Ma vi era anche un altro rito pubblico di antica cultura popolare, pure quello avente come oggetto il matrimonio. Era una tradizione in uso nei secoli scorsi con forme analoghe pure in Inghilterra, Francia e Germania. Consisteva in questo: quando ad esempio era in vista un’unione fra un vedovo anziano e una donna molto più giovane, o un matrimonio non voluto dai parenti; oppure quando era previsto uno sposalizio con qualcuno che veniva da fuori (o, addirittura, se si era a conoscenza di una relazione clandestina), veniva messa in scena una strana rappresentazione pubblica, della quale i giovani erano gli attori, ma dove i registi, più o meno occulti, erano gli adulti.
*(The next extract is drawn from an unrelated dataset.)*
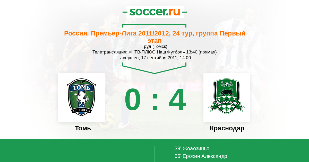 Томь - Краснодар: обзор матча 17 сентября 2011
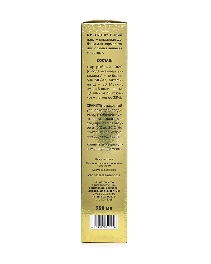 В состав кормовой добавки входит жир рыбный ветеринарный -100% (с содержанием витамина А – не более 500 МЕ/мл, витамина D – не менее 30 МЕ/мл, омега-3 полиненасыщенных жирных кислот – не менее 25%).

In questi casi, i giovani andavano a fare chiasso battendo su secchi metallici o padelle proprio davanti alle case di chi era stato preso di mira, appunto perché quel rapporto era visto di cattivo occhio e, se possibile, non si doveva consumare. Ma non era solo baldoria. A volte con dei mattoni si muravano in casa le vittime, oppure se ne ostruiva la porta con carri o legname: insomma, una cattiva carnevalata che veniva a coinvolgere tutto il paese.

Tra storie e tradizioni

Quella che oggi noi chiamiamo “privacy” e che fa parte dei diritti acquisiti e inalienabili di ogni singolo cittadino, allora non esisteva. Per questioni di sopravvivenza in un periodo estremamente duro, il ruolo della comunità era del tutto prevalente rispetto agli interessi della singola persona. Infatti, i comportamenti dell’individuo erano costantemente sottoposti al giudizio di tutta la collettività, in particolare della Chiesa, e i rituali in parola scattavano proprio nel momento in cui qualcuno con il suo comportamento minacciava la coesione interna rompendo quell’ordine sociale e morale che garantiva da secoli al paese l’equilibrio demografico e il perpetuarsi inalterato di modelli di lavoro e di convivenza civile e religiosa. E’ in questo modo che la gente contadina aveva saputo conservare e tramandare attraverso i secoli la propria cultura contenuta in riti e in regole non scritte della comunità al fine di adattarla ai ritmi dell’economia e della sopravvivenza. Cultura e regole - aggiungiamo - che alla luce di quanto accade nella società di oggi è difficile se non impossibile tentare di giudicare.